Techniques also are known to maintain pressure and temperature of samples extracted from a well so as to obtain samples at the surface that are representative of downhole formation fluids. In conventional systems, samples taken downhole are stored in a special chamber of the formation tester tool, and the samples are transported to the surface for laboratory analysis. During sample transfer from below surface to a surface laboratory, samples often are conveyed from one sample bottle or container to another bottle or container, such as a transportation tank. In this, samples may be damaged during the transfer from one vessel to another.
Furthermore, sample pressure and temperature frequently change during conveyance of the samples from a wellsite to a remote laboratory despite the techniques used for maintaining the samples at downhole conditions. The sample transfer and transportation procedures currently in use are known to damage or spoil formation fluid samples by bubble formation, solid precipitation in the sample, among other difficulties associated with the handling of formation fluids for surface analysis of downhole fluid characteristics.
In addition, laboratory analysis at a remote site is time consuming. Delivery of sample analysis data takes anywhere from a couple of weeks to months for a comprehensive sample analysis. This hinders the ability to satisfy users' demand for real-time results and answers (i.e., answer products). Typically, the time frame for answer products relating to surface analysis of formation fluids is a few months after a sample has been sent to a remote laboratory.
As a consequence of the shortcomings in surface analysis of formation fluids, recent developments in downhole fluid analysis include techniques for characterizing formation fluids downhole in a wellbore or borehole. In this, the MDT may include one or more fluid analysis modules, such as the composition fluid analyzer (CFA) and live fluid analyzer (LFA) of Schlumberger, for example, to analyze downhole fluids sampled by the tool while the fluids are still located downhole.
In downhole fluid analysis modules of the type described above, formation fluids that are to be analyzed downhole flow past a sensor module associated with the fluid analysis module, such as a spectrometer module, which analyzes the flowing fluids by infrared absorption spectroscopy, for example. In this, an optical fluid analyzer (OFA), which may be located in the fluid analysis module, may identify fluids in the flow stream and quantify the oil and water content. U.S. Pat. No. 4,994,671 (incorporated herein by reference in its entirety) describes a borehole apparatus having a testing chamber, a light source, a spectral detector, a database, and a processor. Fluids drawn from the formation into the testing chamber are analyzed by directing the light at the fluids, detecting the spectrum of the transmitted and/or backscattered light, and processing the information (based on information in the database relating to different spectra), in order to characterize the formation fluids.

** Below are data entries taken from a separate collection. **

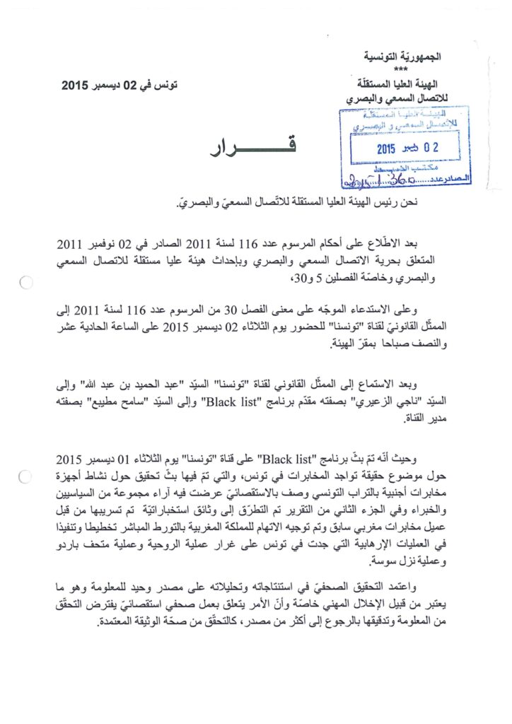 رئيس الهيئة يقرر إيقاف إعادة بث برنامج “بلاك ليست” على قناة تونسنا لتضمنه مشاهد صادمة 02/12/2015 admin-haica by قرارات in 30/01/2026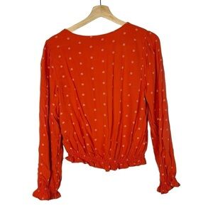 American Eagle AEO Red Floral Printed Smocked Front Long Sleeve S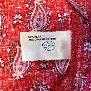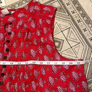 Vibrant red sleeveless blouse with paisley print. Sleeveless and button-up style. Perfect for casual outings. Chest measurement is 21.5”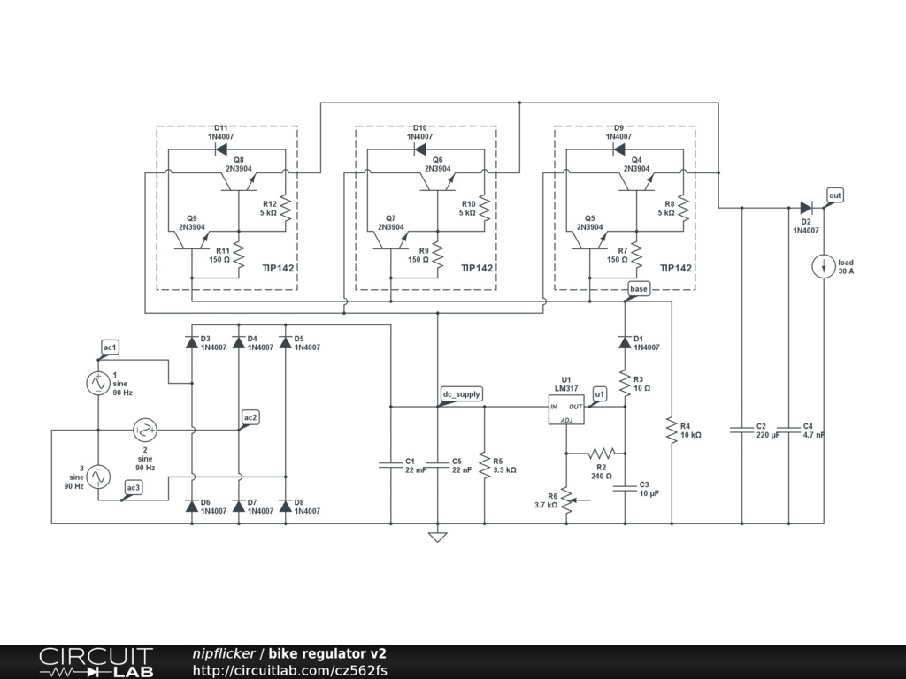 Hi again, You still have that spurious ground connection to the star point of the alternator. If do you have a wire that you are sure is connected to the star point it should go to a 4th pair of (low power) diodes in the wired the same way as the three pairs of high power diodes in the rectifier. You may get about about 3% more power out of the stator due to the current imbalance at the start point. Also note that your Darlingtons are not connected correctly. CL has put wire bridges where there should be joins. It's good practice to not join 4 wires in a + but to stagger two of the joins so that you have two 3 wire joins close together (a | followed by a T). Have you given any thought to short circuit protection? |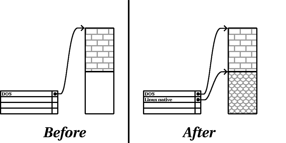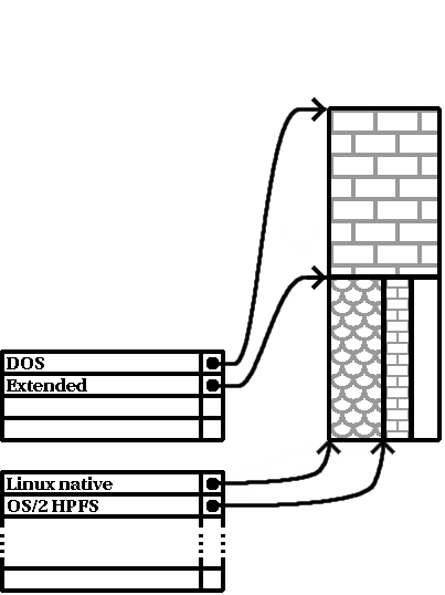Mit der Zeit wurde natürlich klar, dass vier Partitionen nicht ausreichen. Mit zunehmender Kapazität der Festplatten wuchs die Wahrscheinlichkeit, dass vier Partitionen in üblicher Größe konfiguriert werden konnten und immer noch Platz auf der Festplatte frei war. Es musste ein Weg gefunden werden, mehr Partitionen zu erstellen.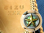| 写真左)デザインが固まらなくて躊躇していたのですが、転勤も近いので思い切って。基本的な形は2つ同じですが、素材に合わせて多少替えました。写真中)sizu用の裏にはこんな刻印。トリプルエックスでななく、30歳記念ということで。あぅぅ・・・コンチョの抜いてある部分には蛇革もどきを入れました。写真右)四つ編みのひもは手提げではなく本体の脱落防止のためのハーネスです。 |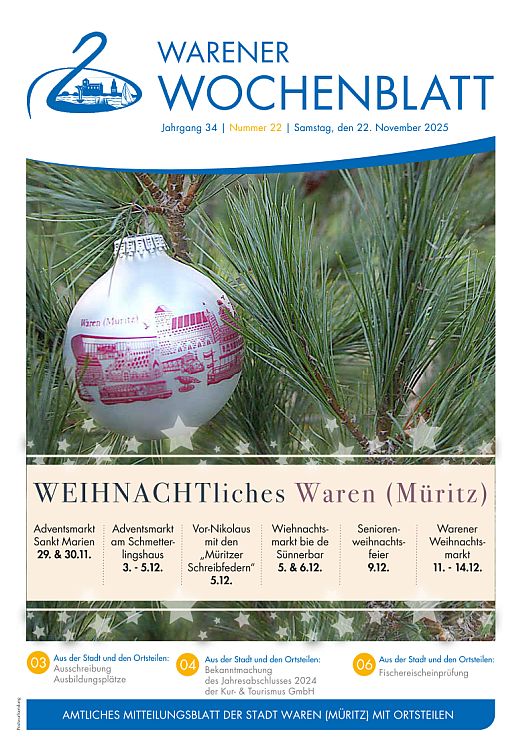 Die Nr. 22 des Warener Wochenblattes enthält die Ausschreibung der Ausbildungsplätze, die Bekanntmachung des Jahresabschlusses 2024 der Kur- & Tourismus GmbH sowie Hinweise zur nächsten Fischereischeinprüfung.

In addition, U.S. Pat. Nos. 5,167,149 and 5,201,220 (both incorporated herein by reference in their entirety) describe apparatus for estimating the quantity of gas present in a fluid stream. A prism is attached to a window in the fluid stream and light is directed through the prism to the window. Light reflected from the window/fluid flow interface at certain specific angles is detected and analyzed to indicate the presence of gas in the fluid flow.
As set forth in U.S. Pat. No. 5,266,800 (incorporated herein by reference in its entirety), monitoring optical absorption spectrum of fluid samples obtained over time may allow one to determine when formation fluids, rather than mud filtrates, are flowing into the fluid analysis module. Further, as described in U.S. Pat. No. 5,331,156 (incorporated herein by reference in its entirety), by making optical density (OD) measurements of the fluid stream at certain predetermined energies, oil and water fractions of a two-phase fluid stream may be quantified.
On the other hand, samples extracted from downhole are analyzed at a surface laboratory by utilizing a pressure and volume control unit (PVCU) that is operated at ambient temperature and heating the fluid samples to formation conditions. However, a PVCU that is able to operate with precision at high downhole temperature conditions is not currently available. Conventional apparatuses for changing the volume of fluid samples under downhole conditions use hydraulic pressure with one attendant shortcoming that it is difficult to precisely control the stroke and speed of the piston under the downhole conditions due to oil expansion and viscosity changes that are caused by the extreme downhole temperatures. Furthermore, oil leakages at O-ring seals are experienced under the high downhole pressures requiring excessive maintenance of the apparatus.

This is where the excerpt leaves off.